◆ Aim of the exercise ◆
The lines to print run from the top of the material below to the line with "Recycled aluminium ballpoint", inclusive; please copy them exactly, without pictures.

◆ Dataset extract ◆
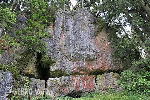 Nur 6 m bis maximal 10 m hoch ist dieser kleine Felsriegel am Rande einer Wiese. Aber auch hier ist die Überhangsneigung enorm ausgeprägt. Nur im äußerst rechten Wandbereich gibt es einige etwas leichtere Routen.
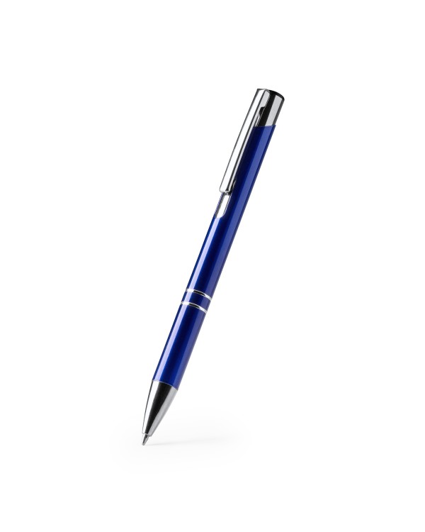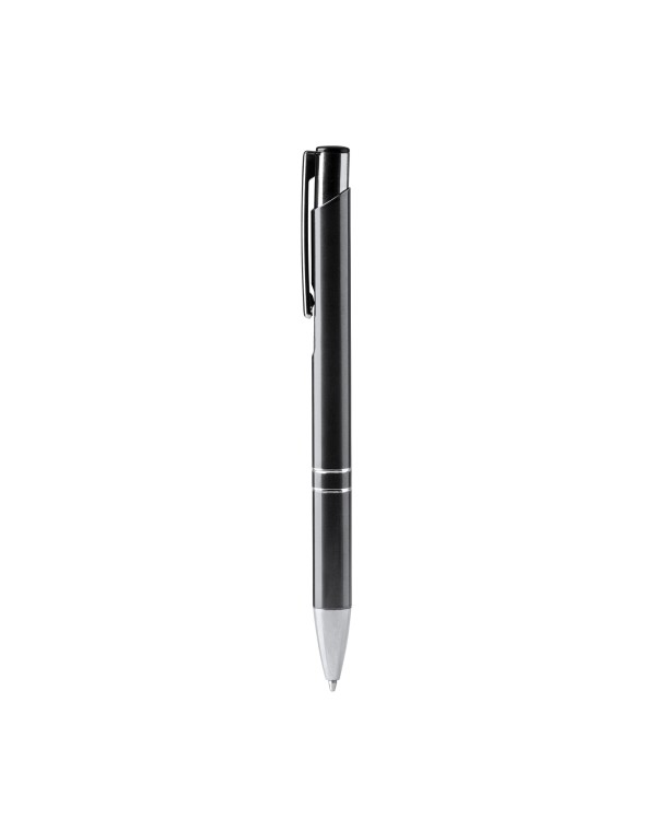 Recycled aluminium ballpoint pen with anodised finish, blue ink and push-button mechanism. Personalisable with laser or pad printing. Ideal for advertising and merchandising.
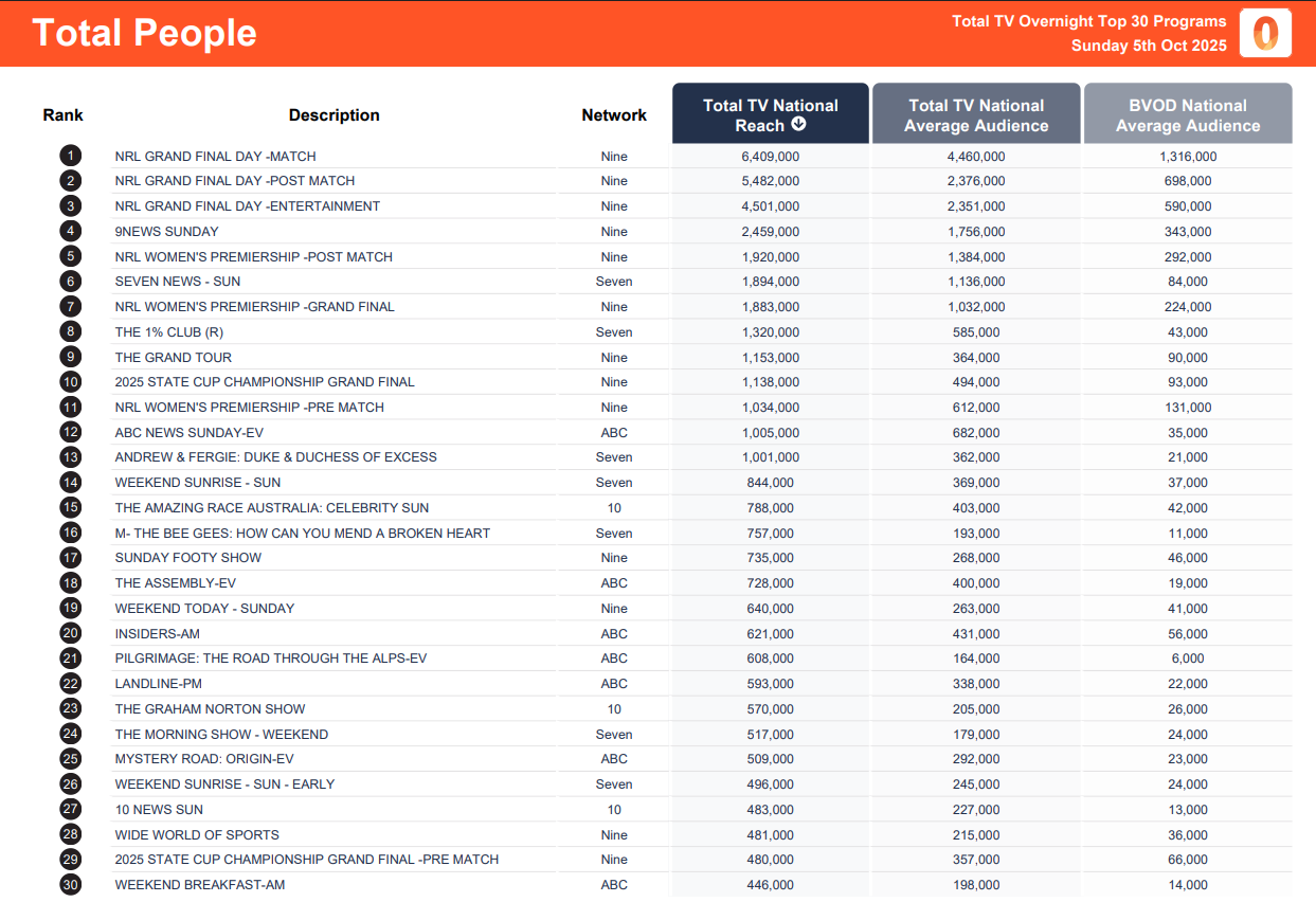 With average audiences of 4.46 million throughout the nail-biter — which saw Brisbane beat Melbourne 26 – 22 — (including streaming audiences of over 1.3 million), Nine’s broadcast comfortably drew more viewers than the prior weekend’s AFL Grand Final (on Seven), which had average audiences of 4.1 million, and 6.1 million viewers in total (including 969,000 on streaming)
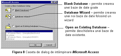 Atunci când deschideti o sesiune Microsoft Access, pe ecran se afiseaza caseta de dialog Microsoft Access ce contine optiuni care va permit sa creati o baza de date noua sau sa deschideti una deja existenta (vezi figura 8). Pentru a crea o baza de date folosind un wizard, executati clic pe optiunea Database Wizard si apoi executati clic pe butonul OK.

◆ Answer to this problem ◆
 Nur 6 m bis maximal 10 m hoch ist dieser kleine Felsriegel am Rande einer Wiese. Aber auch hier ist die Überhangsneigung enorm ausgeprägt. Nur im äußerst rechten Wandbereich gibt es einige etwas leichtere Routen.
 Recycled aluminium ballpoint pen with anodised finish, blue ink and push-button mechanism. Personalisable with laser or pad printing. Ideal for advertising and merchandising.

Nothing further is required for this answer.